**Task goal**
Please set down the data word for word; images do not go in the copy.

**Recorded information**
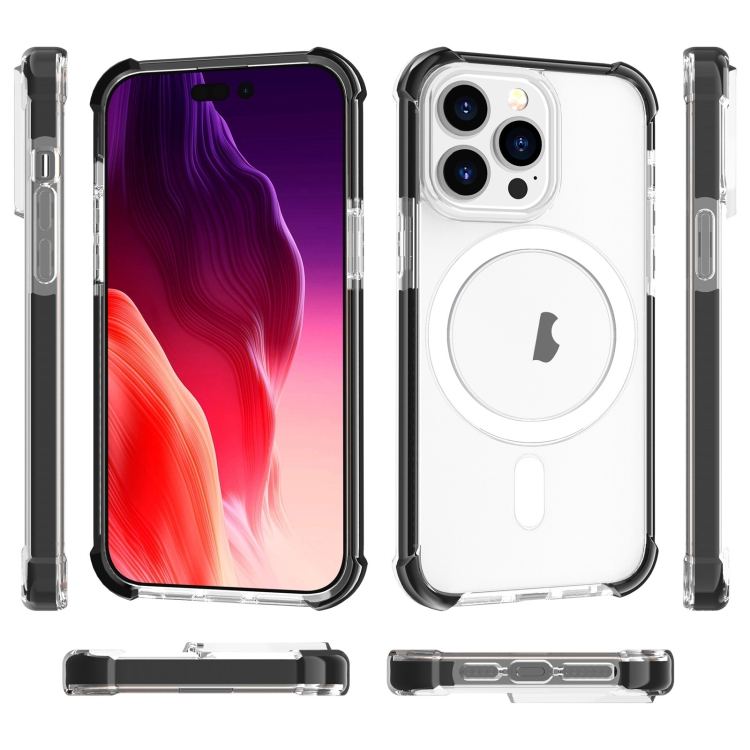 Estuche de teléfono iPhone 15 Pro Max Magsafe acrílico magnético a prueba de golpes (Negro Transparente)
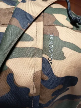 Chaqueton de invierno del Decatlón, marca Solonac, con estampado de camuflaje woodland e impermeable con capucha, dos bolsillos delanteros con cierre por velcro, un bolsillo interior en la solapa izquierda y otro bolsillo de gran tamaño en la parte trasera. - Marca Solonac del Decatlón. - Diseño con capucha. - Cierre frontal con cremallera y velcro. - 2 Bolsillos laterales delanteros. - 1 bolsillo interior con cremallera. - 1 bolsillo trasero de grandes dimensiones, cubriendo toda la zona de los riñones y cierre por velcro. Solo se hacen envíos a través de la aplicación de Wallapop y no se aceptan ofertas a la baja ni rebajas.
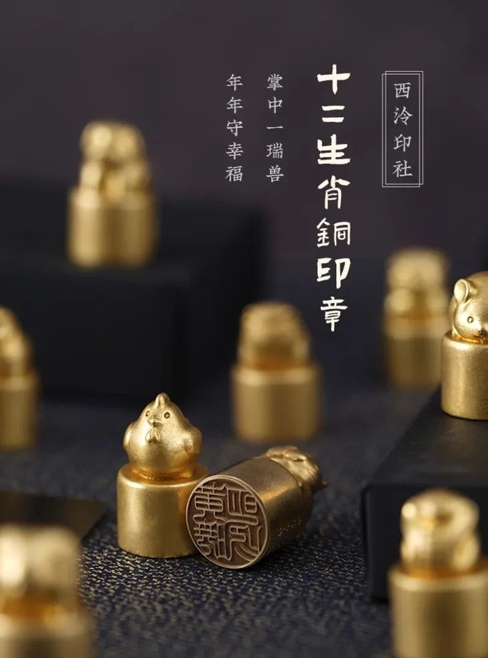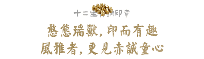 用古朴纯铜融合古老生肖文化,打造出一枚枚憨态可掬的生肖印章,既有历史文化之重,又符合现代审美,可赏可藏。
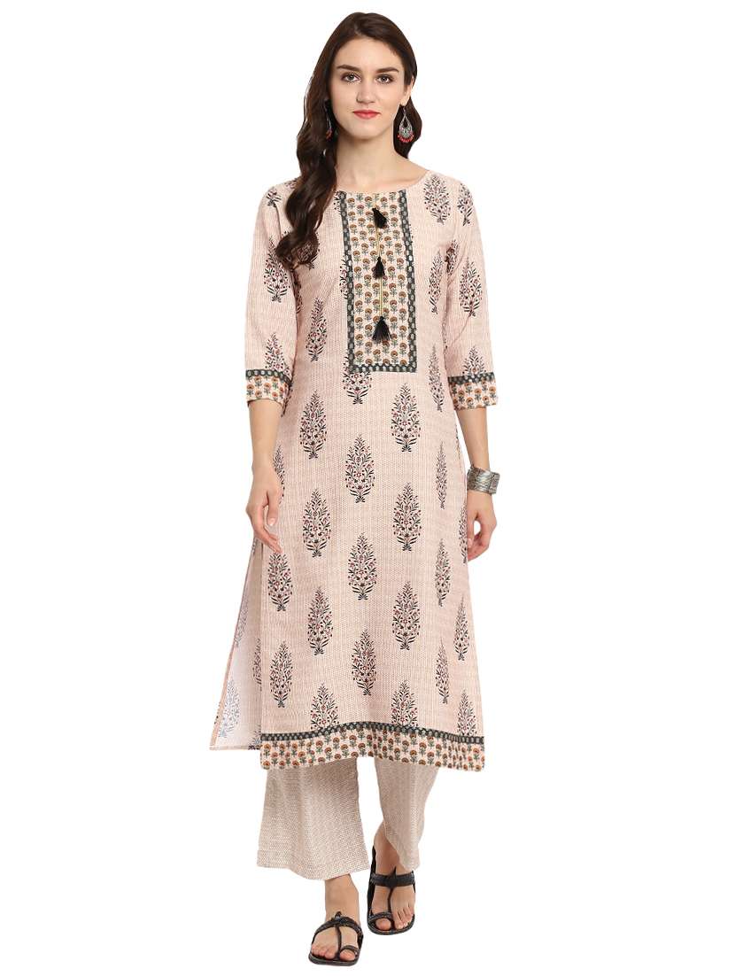 - » printed straight kurta with tassels

**Result of this task**
 Estuche de teléfono iPhone 15 Pro Max Magsafe acrílico magnético a prueba de golpes (Negro Transparente)
 Chaqueton de invierno del Decatlón, marca Solonac, con estampado de camuflaje woodland e impermeable con capucha, dos bolsillos delanteros con cierre por velcro, un bolsillo interior en la solapa izquierda y otro bolsillo de gran tamaño en la parte trasera. - Marca Solonac del Decatlón. - Diseño con capucha. - Cierre frontal con cremallera y velcro. - 2 Bolsillos laterales delanteros. - 1 bolsillo interior con cremallera. - 1 bolsillo trasero de grandes dimensiones, cubriendo toda la zona de los riñones y cierre por velcro. Solo se hacen envíos a través de la aplicación de Wallapop y no se aceptan ofertas a la baja ni rebajas.
 用古朴纯铜融合古老生肖文化,打造出一枚枚憨态可掬的生肖印章,既有历史文化之重,又符合现代审美,可赏可藏。
 - » printed straight kurta with tassels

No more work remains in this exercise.